Amotosalen/UVA inactivation of bacteria and viability assay. For PCT, the ΔuvrAB strain was cultivated in LB medium at 37 °C and 250 rpm until an OD600 of 0.5 was reached. Various concentrations of amotosalen (a gift from Grenoble EFS) were added, and cultures were grown for 1 hour. One milliliter of culture (OD600 of 1) was then transferred in each well of a six-well culture plate for UVA irradiation at a dose of 7.2 J/cm2 in a Stratalinker 1800 device (Stratagen, La Jolla, CA). Viability of the photochemically inactivated cultures was assessed by serial dilution and plating on PIA for colony-forming units. Points represent mean values of triplicate plates counted at the most appropriate dilution (Figure 1b). The Live/Dead BacLight Bacterial Viability kit (Invitrogen) was used with manufacturer's instructions to assay the membrane integrity of the photochemically treated bacteria. With an appropriate mixture of the SYTO 9 and the propidium iodide stains, bacteria with intact cell membranes stain fluorescent green, whereas bacteria with damaged membranes stain fluorescent red.
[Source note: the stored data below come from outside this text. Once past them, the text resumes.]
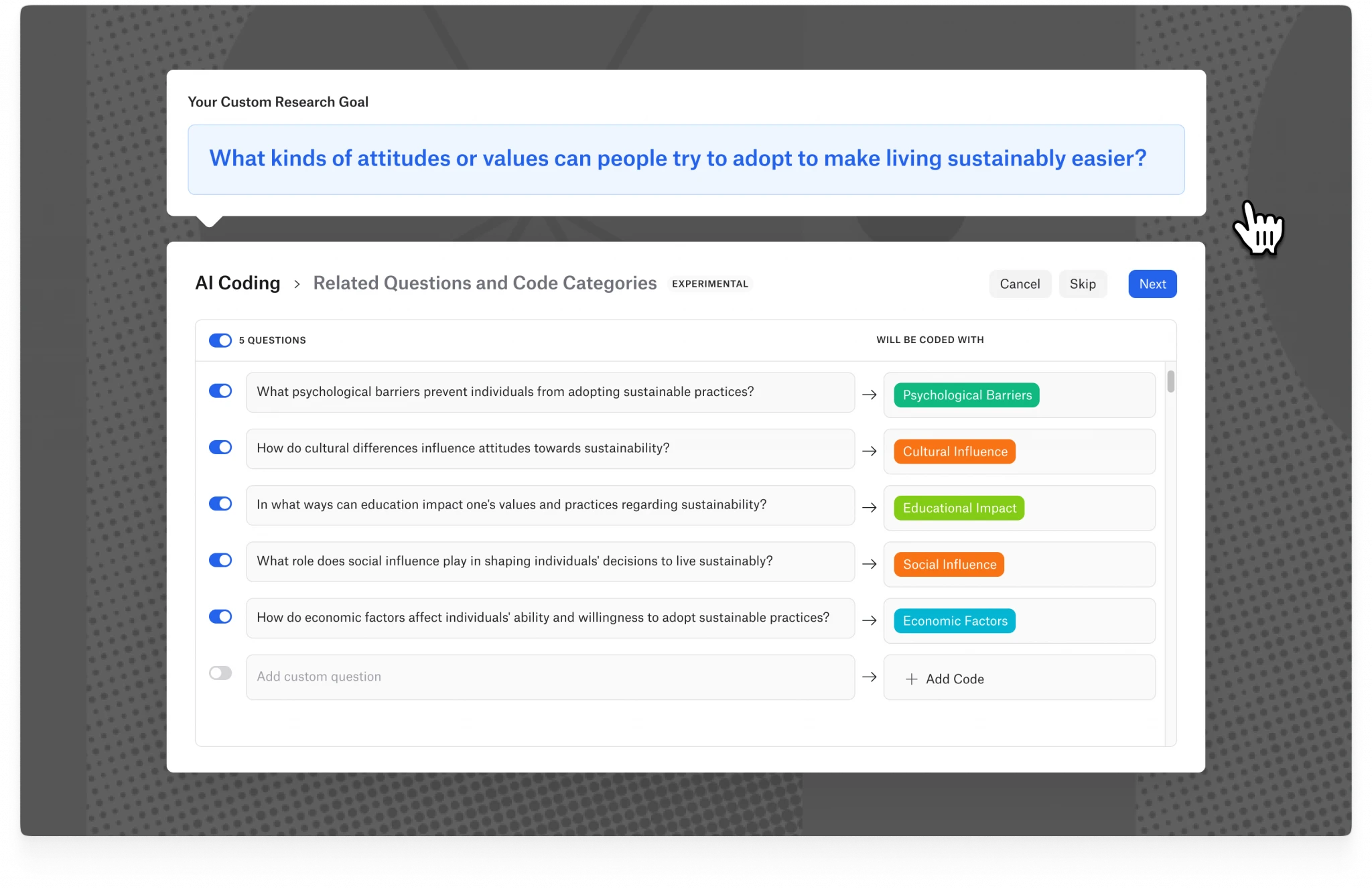 This interconnectedness makes it easy for researchers to access and review any results from AI analyses. Researchers can edit any of the results, including combining codes and updating code categories. The results can also be saved in different copies or outputs so that researchers can explore various paths in their data.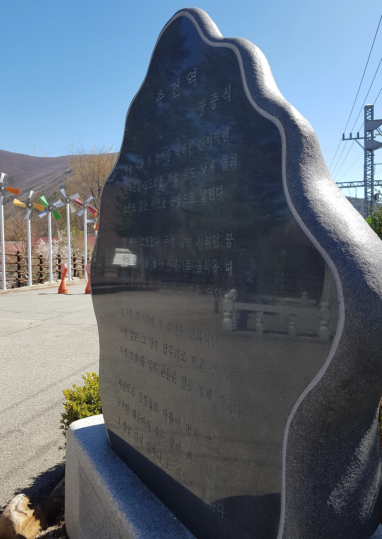 마당에는 커다란 돌비로 추전역을 알리고 한쪽으로 데크를 비치하고 그곳에 시간도 멈춘 추전역의 역사를 안내하고 있었는데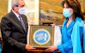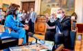 Με την ολοκλήρωση της συνάντησης, ο Περιφερειάρχης χάρισε στην κα Αγγελοπούλου ένα πλακίδιο ροδίτικης τεχνοτροπίας με το έμβλημα του επετειακού εορτασμού “Ελλάδα 2021”.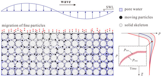 where Posc is the oscillatory pore-pressure corresponding to the elastic deformation of the soil skeleton. Posc fluctuates in both temporal and spatial domains, and the fluctuation is accompanied by the attenuation of the amplitude and phase lag under wave actions [13,14,15]. Pres is the residual pore-pressure that is period-averaged, and is the result of accumulated plastic deformation of the soil skeleton. It has been acknowledged recently that with the accumulation of pore-pressure, continuous seepage flow appears near the seabed surface and may lead to obvious particle migration [16,17,18].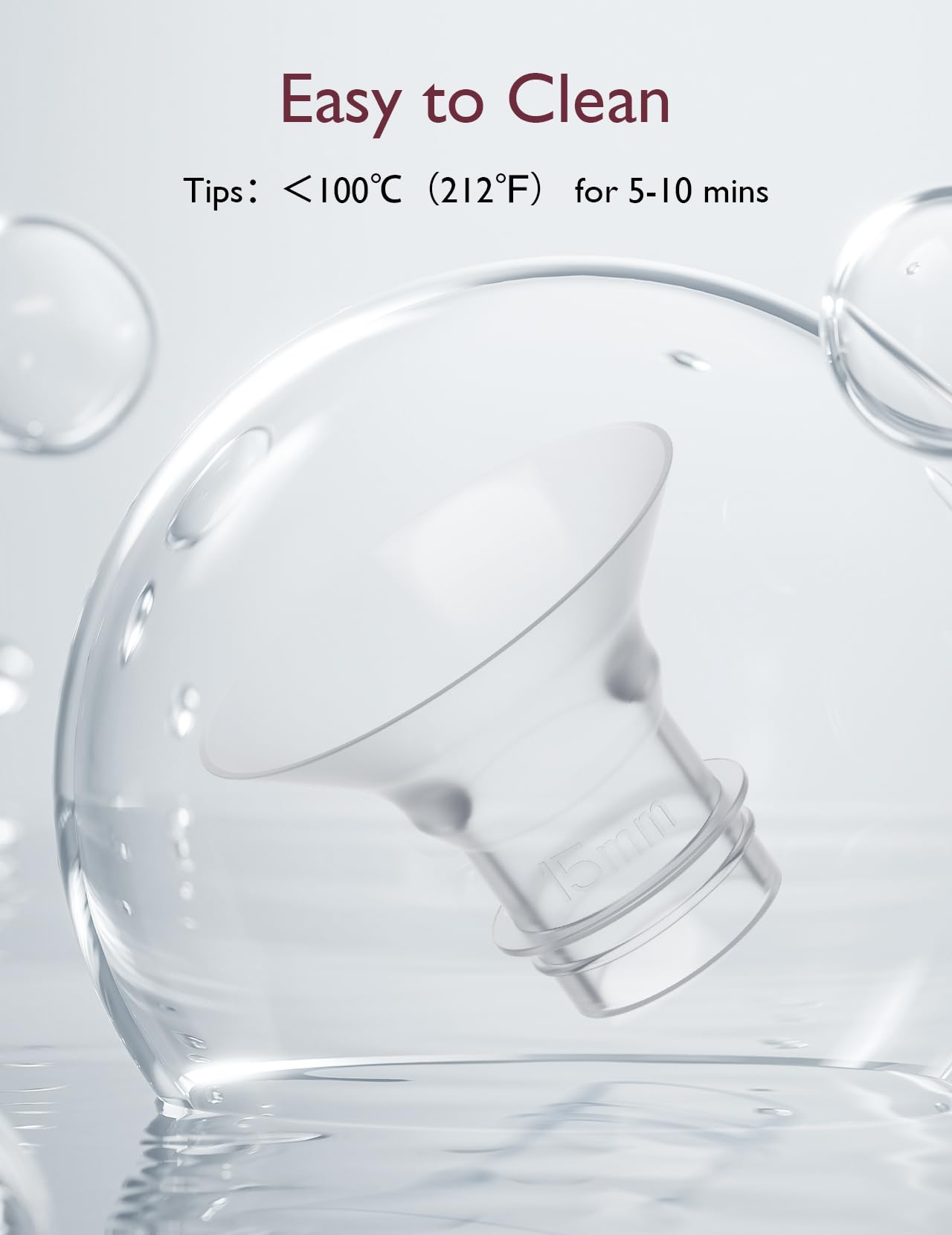Easy cleaning, wash Momcozy breast pump parts after each use with warm soapy water and rinse well. Please use boiling water/steam, with a temperature of around 100°C (212°F).

T3SS analysis by secretion assay and Bla injection. OSTAB was transformed with the pEiS54-OVA plasmid. Resulting strains were grown overnight in LB containing 300 mg/l of carbenicillin. The next day, strains were grown in LB medium during PCT. After a washing step, the cells were resuspended in LB with or without 0.5 mmol/l of IPTG, 5 mmol/l of EGTA, and 20 mmol/l of MgCl2. The resuspension was cultivated for 3 hours at 37 ° C. The EGTA-induced calcium depletion triggers the activation of P. aeruginosa's T3SS and the secretion of T3SS effectors in the culture medium.21 Supernatants were precipitated with 15% perchloric acid as described by Derouazi et al.42 and were analyzed by SDS-PAGE (Mini-PROTEAN Tris Glycine 12% precast gel (Bio-Rad, Milan, Italy)). Immunoblotting was performed with polyclonal rabbit anti-chicken ovalbumin antibody (AbDserotec, Oxford, UK) at 1/5,000 in tris-buffered saline with 0.5 mg/ml bovine serum albumin to test for the presence of the secreted fusion protein S54-OVA. A control strain (not exposed to UVA) was conserved at 4 °C and OD600 = 1 during the PCT of the other strains. When necessary, we quantify the relative amount of OVA by densitometry analysis with ImageJ software (Rasband, W.S., ImageJ, U. S. National Institutes of Health, Bethesda, MD; http://imagej.nih.gov/ij/, 1997–2012). We also tested for the presence of the OVA antigen, as previously described by Derouazi et al.,42 to verify its secretion in all vaccination protocols (ELISPOT or Tumor challenge vaccination). For the Bla injection assay,37 HL60 cells were washed once in a complete RPMI medium without antibiotics and were seeded in 48-well tissue culture plates at 2.105 cells/well in a complete RPMI medium without antibiotics. After 3 hours of infection at 37 °C and 5% CO2, the P. aeruginosa strain expressed the S54-Bla fusion protein. Cells were then incubated in a freshly prepared 6xCCF2/AM solution (1 μmol/l final concentration; Invitrogen) for 30 minutes in the dark at room temperature. The percentage of cells that received S54-Bla reporter fusions was quantified by flow cytometry (FACS Moflo; Dako Cytomation, Brea, CA). The results are expressed as the percentage of cells that exhibited blue fluorescence. Uninfected cells incubated with CCF2-AM were used as a negative control.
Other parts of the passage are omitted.